PytestUnknownMarkWarning: Unknown pytest.mark.check_leaks - is this a typo?  You can register custom marks to avoid this warning - for details, see https://docs.pytest.org/en/stable/how-to/mark.html
    @pytest.mark.check_leaks()

$ pip freeze
....
pytest-memray @ git+https://github.com/pablogsal/pytest-memray@466743b4853261a35c3ff84d4d4654d6586918a1
...

Update:

$ pytest --markers

Doesn't show the markers, but

$ pytest --memray --markers

Does. Compared with hypothesis, or other extensions which show it regardless. This is separate (or by design) to this PR.

docs/usage.rst

src/pytest_memray/plugin.py

src/pytest_memray/marks.py

src/pytest_memray/plugin.py

src/pytest_memray/marks.py

godlygeek · 2022-11-16T22:55:00Z

This is separate (or by design) to this PR

@tonybaloney Yep, and we have #49 for that already.

godlygeek · 2022-11-16T22:55:44Z

Other than needing to provide --memray, did things work nicely for you when you tried it?

tonybaloney · 2022-11-16T22:56:59Z

Other than needing to provide --memray, did things work nicely for you when you tried it?

My tests fail because memray writes to stderr on macOS with a warning (see bloomberg/memray#254) but other than that, it seems to work when I tried it. I'm going to purposefully write a leaky test and verify that it catches it next

pablogsal · 2022-11-16T22:57:12Z

Just tried 466743b and I'm getting the warning:
PytestUnknownMarkWarning: Unknown pytest.mark.check_leaks - is this a typo?  You can register custom marks to avoid this warning - for details, see https://docs.pytest.org/en/stable/how-to/mark.html
    @pytest.mark.check_leaks()
$ pip freeze
....
pytest-memray @ git+https://github.com/pablogsal/pytest-memray@466743b4853261a35c3ff84d4d4654d6586918a1
...
Update:
$ pytest --markers
Doesn't show the markers, but
$ pytest --memray --markers
Does. Compared with hypothesis, or other extensions which show it regardless. This is separate (or by design) to this PR.

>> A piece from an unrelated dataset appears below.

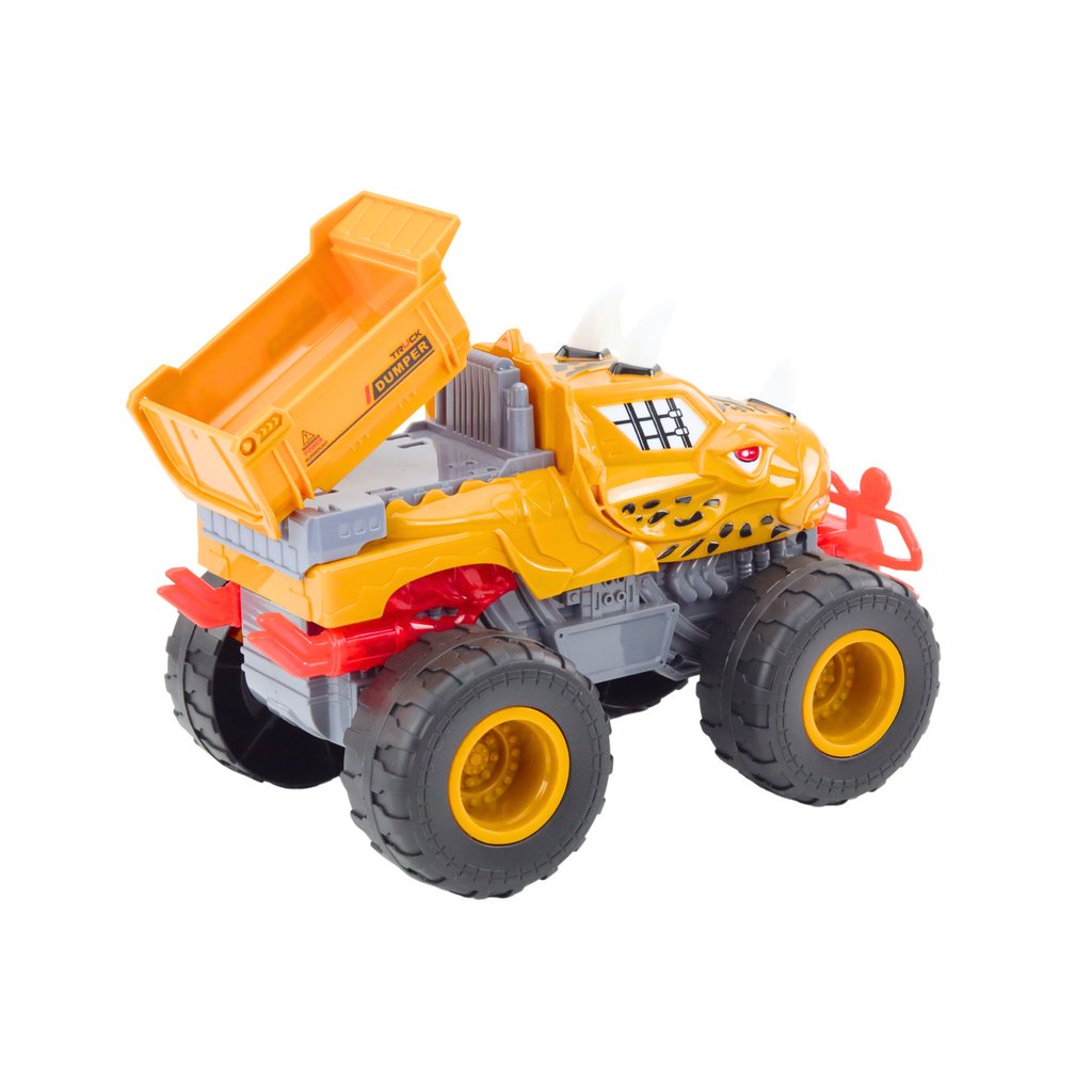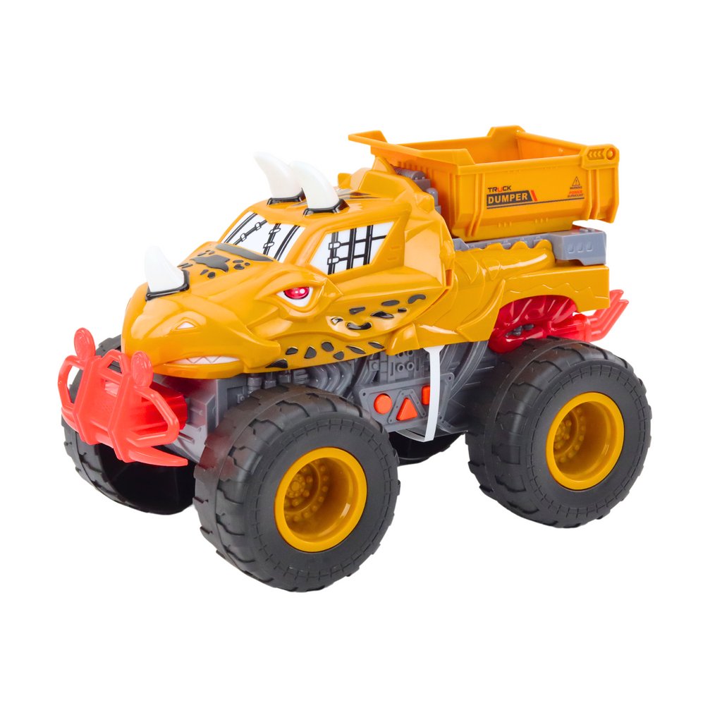 - Terénní Auto Dinosaurus s Frikčním Pohonem Sklápěčka Oranžové je výjimečné vozidlo, ideální pro malé nadšence dinosaurů a nejen pro ně

Apart from that, does it work for your use case? Can you simulate a leak in your extension and try the marker?

tonybaloney · 2022-11-17T00:06:52Z

I tried adding a leaking String object to the __repr__ function for an extension type:

PyObject* Logger_repr(Logger *self) {
    std::string level = _getLevelName(self->effective_level);
    PyObject* leaky_object = PyUnicode_FromString("Hello"); /* TEST */
    return PyUnicode_FromFormat("<Logger '%U' (%s)>", self->name, level.c_str());
}

Running memray by hand using a script that instantiates an instance of the extension type (100,000 times), I can see the leak in the graph:

This is what I'm currently doing. But using this marker doesn't seem to catch the same thing?

@pytest.mark.parametrize("level", levels)
@pytest.mark.check_leaks("0B", warmups=3)
def test_logger_repr(level):
    logger = picologging.Logger("test", level)
    assert repr(logger) == f"<Logger 'test' ({level_names[levels.index(level)]})>"

Doesn't give me any information about leaks, every test seems to leak at least something, even ones not testing my extension module:


--------------------------------------------------------------------------------- memray-leaked-memory ----------------------------------------------------------------------------------
Test leaked 108.0B out of limit of 0.0B
List of leaked allocations: 
        - test_logger_repr:/Users/anthonyshaw/projects/picologging/tests/unit/test_logger.py:279 -> 54.0B
        - test_logger_repr:/Users/anthonyshaw/projects/picologging/tests/unit/test_logger.py:280 -> 54.0B

I guess I could run each test and work out how much memory it should consume and then set the limit manually?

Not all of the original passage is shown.